Most are clustered where we would expect them, but there are a few at higher values of distance.  This will be shown to be more of a problem as we go on.

#### Uncertainty on distance
Computing the uncertainty is difficult and computationalls intensive if you have a lot of sources with f>0.1 or so.  See the jupyter notebook tutorial "Computing distance with Gaia parallaxes tutorial" for a detailed discussion of how to do it properly, and why it fails for large values of f.  So for now, I will just import a file for which this has already been done on these sources and proceed from there.

In [10]:
master=pd.read_csv('Nearest_1M_stars.csv')

### Properties of this sample:

Let's look at a plot of these objects on the sky:

In [4]:
import astropy.coordinates as coord
pl = coord.Angle(master['l'].values*u.degree)
pl = pl.wrap_at(180*u.degree)
pb = coord.Angle(master['b'].values*u.degree)

%matplotlib notebook
fig = plt.figure(figsize=(8,6))
ax = fig.add_subplot(111, projection="mollweide")
hb = ax.hexbin(pl.radian, pb.radian,gridsize=500,cmap='inferno',bins='log',mincnt=1)
#ax.scatter(pra.radian, pdec.radian,alpha=0.2,color='blue',s=5)
#ax.set_xticklabels(['14h','16h','18h','20h','22h','0h','2h','4h','6h','8h','10h'])
ax.set_title('Nearest 1M stars in Galactic coords projection\n')
ax.tick_params(axis='x', colors='grey')
cb = fig.colorbar(hb, ax=ax,orientation="horizontal", pad=0.1)
cb.set_label('log10(count)')
ax.grid(True)
plt.show()


<IPython.core.display.Javascript object>

This looks really pretty.  But... it's supposed to be the nearest 1M stars.  We should not be seeing the Galactic center and the LMC/SMC, those are much further away than 150 pc or so.  This is a problem.  It should look like a nearly constant density in all directions.

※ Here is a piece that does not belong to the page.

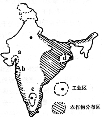 小题4:a是印度的阿默达巴德工业区,这里接近印度的棉花、油料产地,发达的农业为工业提供丰富的工业原料,促进了工业的发展,属于印度的传统工业区,主要工业部门有棉纺织工业、油脂工业等。b是印度的孟买一浦那工业区,是一个综合性的工业基地,主要工业部门有棉纺工业、机械工业、化学工业、石油冶炼工业等,初步形成了比较完整的工业体系。c是印度的马德拉斯一班加罗尔工业区,是—个以新兴工业为主的工业区,主要工业部门有电力工业、飞机制造、造船工业、石油冶炼、电子工业、电机制造工业等。d是印度的那格浦尔工业区,它是20世纪50年代发展起来的传统工业区,被誉为印度的“鲁尔”区。接近煤炭、铁矿产地,属于“煤铁复合体型”工业布局。煤炭、钢铁产量占印度煤炭、钢铁总产量的75%。在此基础上,还发展了电力工业、机械工业、化学工业等。在d的东部还有一个加尔各答工业区,是印度形成最早、规模最大的工业区,是印度的麻纺织工业中心、机械制造工业中心。加尔各答是印度最大,也是南亚最大的城市。故选D

If we drop sources from the sample with high values of f (low values of parallax_over_error), lets see what we get:

In [6]:
import astropy.coordinates as coord
# Drop sources with f>0.025
o=master.drop(np.where(master['parallax_over_error'].values<40)[0],axis=0)
o=o.reset_index()
o = o.drop(['index'], axis=1)

pl = coord.Angle(o['l'].values*u.degree)
pl = pl.wrap_at(180*u.degree)
pb = coord.Angle(o['b'].values*u.degree)

%matplotlib notebook
fig = plt.figure(figsize=(8,6))
ax = fig.add_subplot(111, projection="mollweide")
hb = ax.hexbin(pl.radian, pb.radian,gridsize=500,cmap='inferno',bins='log',mincnt=1)
#ax.scatter(pra.radian, pdec.radian,alpha=0.2,color='blue',s=5)
#ax.set_xticklabels(['14h','16h','18h','20h','22h','0h','2h','4h','6h','8h','10h'])
ax.set_title('Nearest 1M stars in Galactic coords projection\n')
ax.tick_params(axis='x', colors='grey')
cb = fig.colorbar(hb, ax=ax,orientation="horizontal", pad=0.1)
cb.set_label('log10(count)')
ax.grid(True)
plt.show()
plt.savefig('nearest_1M_gal_mollweide_highqualitycut.jpg')

<IPython.core.display.Javascript object>

That's what I'd expect.  Looking good.

Let's switch to looking at the color-magnitude diagram for this sample.

In [8]:
final=m
# GBP - GRP color:
color = final['bp_rp'].values
# Apparent G band magnitude:
gmag = final['phot_g_mean_mag'].values 

# Convert to absolute magnitude (excluding extinction for now):
GMag = gmag + 5 + 5*np.log10(final['parallax'].values/1000)

%matplotlib notebook
fig, ax = plt.subplots(ncols=1, sharey=True, figsize=(7, 7))
#fig.subplots_adjust(hspace=0.5, left=0.07, right=0.93)

#ax = axs[0]
hb = ax.hexbin(color,GMag,gridsize=500,cmap='inferno',bins='log',mincnt=1)
#ax.set_title("CMD of nearest 1M stars")
ax.set_ylabel('M$_{G}$',fontsize=17)
ax.set_xlabel('G$_{BP}$-G$_{RP}$',fontsize=17)
ax.invert_yaxis()
cb = fig.colorbar(hb, ax=ax)
cb.set_label('log10(count)')

plt.show()
plt.savefig('Nearest_1M_nocut.png',format='png',dpi=300)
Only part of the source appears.